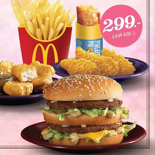 “ชุดสุขสันต์วันแม่” ชวนชิมชุดแมคโดนัลด์บอกรักแม่ถึงบ้าน ได้แก่ บิกแมค, ชิคสติ๊ก, แมคนักเก็ต,เฟรนช์ฟรายส์ และพายสับปะรด ในราคาเพียงชุดละ 299 บาท จากปกติ 408 บาท เฉพาะบริการจัดส่งถึงบ้าน ตลอดเดือน ส.ค. ที่แมคดิลิเวอรี่โทร.1711
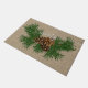 Beautiful classic beige taupe coloured jute burlap linen textile fabric weave pattern with seasonal image of pine cones and needles, and a classic fun Merry greeting wish that you can customise or personalise to your liking. This December season design was created for the interior designer, or for the cottage country style lover who enjoy winter and Christmas holiday themes. Original and modern products for those who love decorating the porch, patio or backyard seating are of their home, log cabin, cottage, lake or river vacation home.
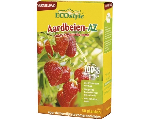 ECOstyle Aardbeien-AZ is a 100% natural, organic fertiliser suitable for strawberries and other soft fruits. The fertiliser has a long-lasting and gradual action and provides nutrition for 120 days. This ECOstyle fertiliser is rich in potassium (K) for better crop durability.

= = =

* **YOUR GOAL**: Would you retype all the lines shown above, exactly as written and without any picture?

* **RESULT**:
 “ชุดสุขสันต์วันแม่” ชวนชิมชุดแมคโดนัลด์บอกรักแม่ถึงบ้าน ได้แก่ บิกแมค, ชิคสติ๊ก, แมคนักเก็ต,เฟรนช์ฟรายส์ และพายสับปะรด ในราคาเพียงชุดละ 299 บาท จากปกติ 408 บาท เฉพาะบริการจัดส่งถึงบ้าน ตลอดเดือน ส.ค. ที่แมคดิลิเวอรี่โทร.1711
 Beautiful classic beige taupe coloured jute burlap linen textile fabric weave pattern with seasonal image of pine cones and needles, and a classic fun Merry greeting wish that you can customise or personalise to your liking. This December season design was created for the interior designer, or for the cottage country style lover who enjoy winter and Christmas holiday themes. Original and modern products for those who love decorating the porch, patio or backyard seating are of their home, log cabin, cottage, lake or river vacation home.
 ECOstyle Aardbeien-AZ is a 100% natural, organic fertiliser suitable for strawberries and other soft fruits. The fertiliser has a long-lasting and gradual action and provides nutrition for 120 days. This ECOstyle fertiliser is rich in potassium (K) for better crop durability.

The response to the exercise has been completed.